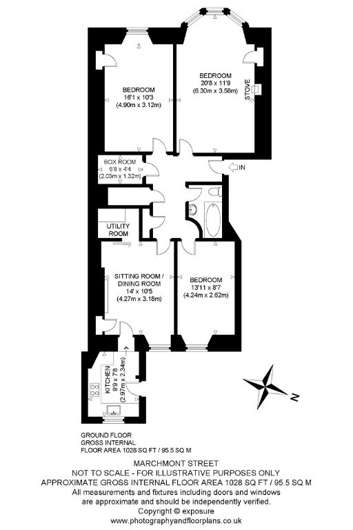 Located on the ground floor, accommodation comprises of: two double bedrooms, living room with large bay window and fireplace, bathroom, dining room with a table to seat 8, utility room, fully fitted kitchen and access to the rear to a shared garden.
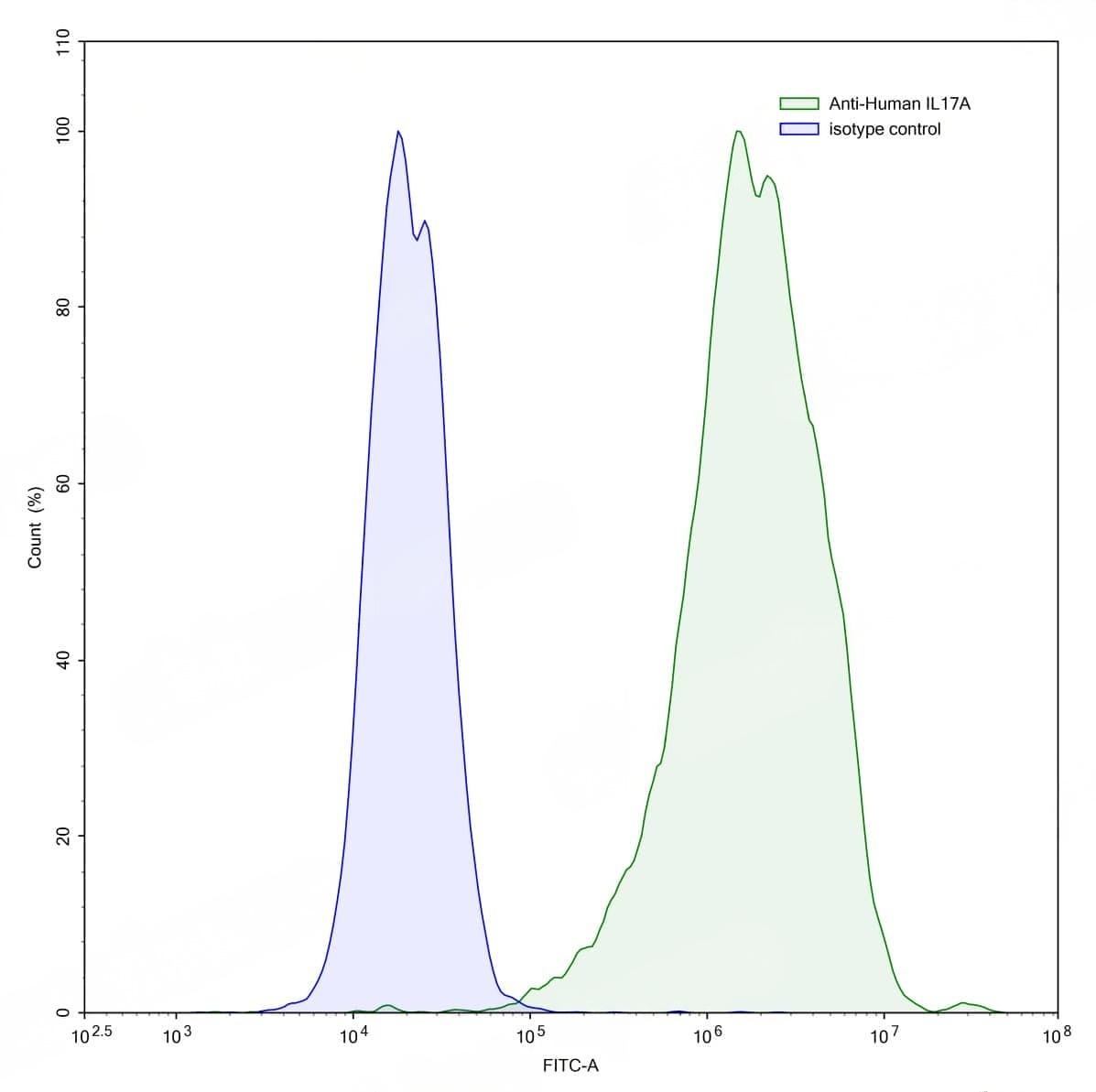 Flow-cytometry using anti-human IL17A antibody.IL17A Transfected CHO cells were stained with an irrelevant antibody (Blue Histogram) or an anti-human IL17A antibody monoclonal antibody (Catalog No.:TD-HS856207 ,Green Histogram) at a concentration of 5 µg/ml for 30 mins at RT. After washing, bound antibody was detected using a FITC conjugated goat anti-human antibody (Catalog No.:TD-HF690414) and cells analysed on a NovoCyte Flow Cytometer. | Flow-cytometry using anti-human IL17A antibody.Human Jurkat cell line were stained with an irrelevant antibody (Blue Histogram) or an anti-human IL17A antibody monoclonal antibody (Catalog No.:TD-HS856207 ,Green Histogram) at a concentration of 5 µg/ml for 30 mins at RT. After washing, bound antibody was detected using a FITC conjugated goat anti-human antibody (Catalog No.:TD-HF690414) and cells analysed on a NovoCyte Flow Cytometer.
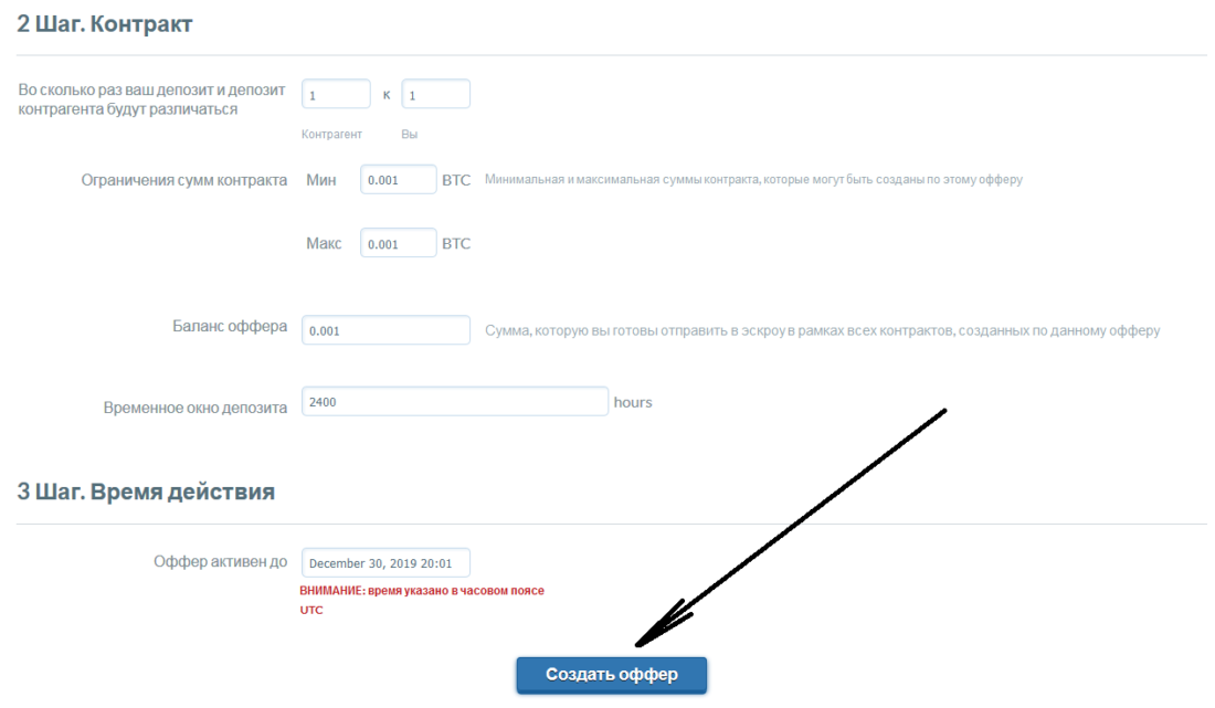 Для того чтобы создать оффер – потребуется ввести биткойн-адрес именно из тестовой сети. Есть кошелёк BitPay, создать там подобный адрес – дело нескольких минут. Вот инструкция: https://support.bitpay.com/hc/en-us/articles/360015463612-How-to-Create-a-Testnet-Bitcoin-or-Bitcoin-Cash-Wallet
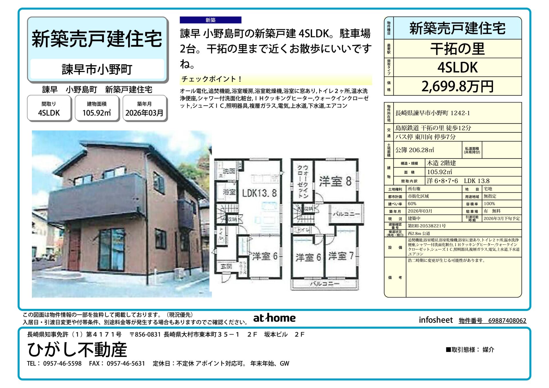| 建物名 | 諌早 小野島町 新築戸建住宅(一般向非公開) | ||||
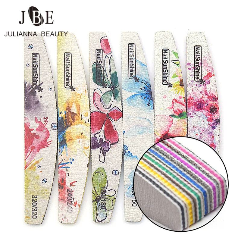 6 шт пилочка для ногтей 80/100/150/180/240/320 брусок для шлифовки блок Двусторонняя пилочка для ногтей с цветами для гель для ногтей маникюрный набор ...
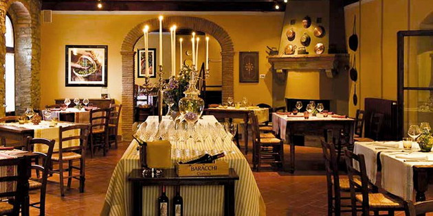 A közeli Relais & Chateaux Il Falconieri & Spa tulajdonosai, Silvia and Riccardo Baracchi, akik a szállodához tartozó 1 Michelin csillagos étteremmel büszkélkedhetnek, valamint a komplexum területén szőlőt művelnek és borászatot is működtetnek, továbbá saját ültetvényük terméséből olívaolajat is készítenek, ezúttal a másik családi vállalkozásukat, az említett panziót is bemutatták a több országot képviselő látogatóknak, akiknek egyedi fogásokból állították össze a vacsorát. Ez az ízlésesen berendezett, a vidéki kúriák nagypolgári enteriőrjét sugárzó szalonban felszolgált saját készítésű pezsgővel (Brut Rosé 2010 – Sangiovese Millesimato) vette kezdetét úgy , hogy üvegjének tetejét karddal csapta le vendéglátónk. A nem kevésbé barátságos étteremben és kellően ráhangolódva az estére, az alábbi menükártya szerint követték egymást a helyi alapanyagokra épített ételkreációk:
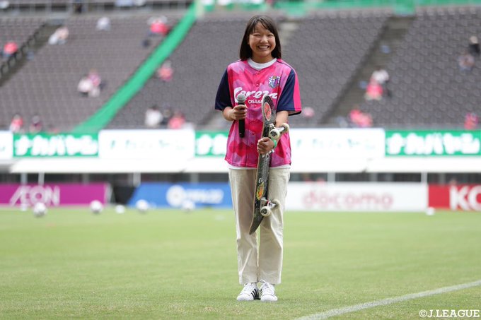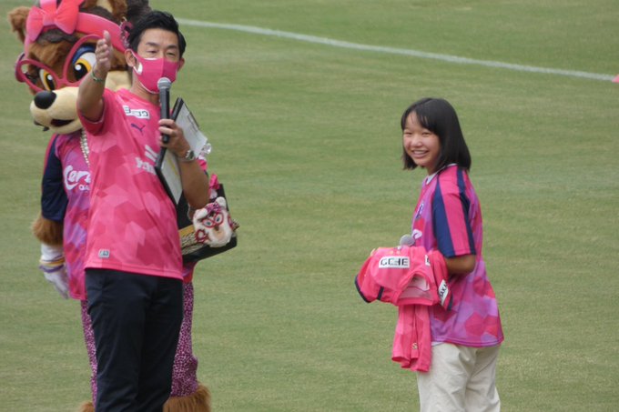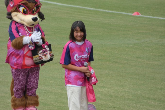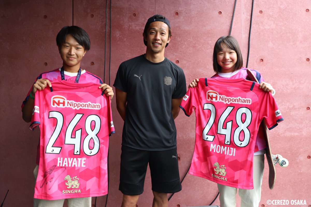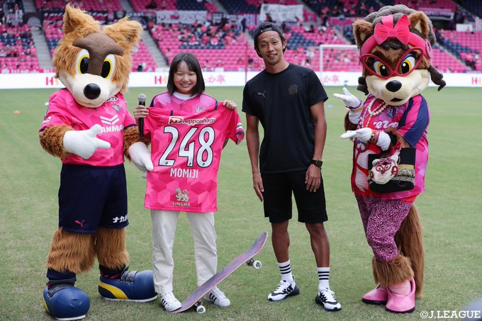 東京五輪金メダリスト #西矢椛 さんが #セレッソ大阪vs鹿島アントラーズ に来てくれました😆#セレッソ大阪 からは248「MOMIJI」のユニホームをキヨからプレゼント #cerezo ロビーとロビーナとも記念撮影 pic.twitter.com/pF3fDD6fNv
::::
**TASK INSTRUCTIONS:** Take the line containing "A közeli Relais" and every line after it through the end of the data, and write them out exactly, with no pictures.

**YOUR RESPONSE:**
 A közeli Relais & Chateaux Il Falconieri & Spa tulajdonosai, Silvia and Riccardo Baracchi, akik a szállodához tartozó 1 Michelin csillagos étteremmel büszkélkedhetnek, valamint a komplexum területén szőlőt művelnek és borászatot is működtetnek, továbbá saját ültetvényük terméséből olívaolajat is készítenek, ezúttal a másik családi vállalkozásukat, az említett panziót is bemutatták a több országot képviselő látogatóknak, akiknek egyedi fogásokból állították össze a vacsorát. Ez az ízlésesen berendezett, a vidéki kúriák nagypolgári enteriőrjét sugárzó szalonban felszolgált saját készítésű pezsgővel (Brut Rosé 2010 – Sangiovese Millesimato) vette kezdetét úgy , hogy üvegjének tetejét karddal csapta le vendéglátónk. A nem kevésbé barátságos étteremben és kellően ráhangolódva az estére, az alábbi menükártya szerint követték egymást a helyi alapanyagokra épített ételkreációk:
 東京五輪金メダリスト #西矢椛 さんが #セレッソ大阪vs鹿島アントラーズ に来てくれました😆#セレッソ大阪 からは248「MOMIJI」のユニホームをキヨからプレゼント #cerezo ロビーとロビーナとも記念撮影 pic.twitter.com/pF3fDD6fNv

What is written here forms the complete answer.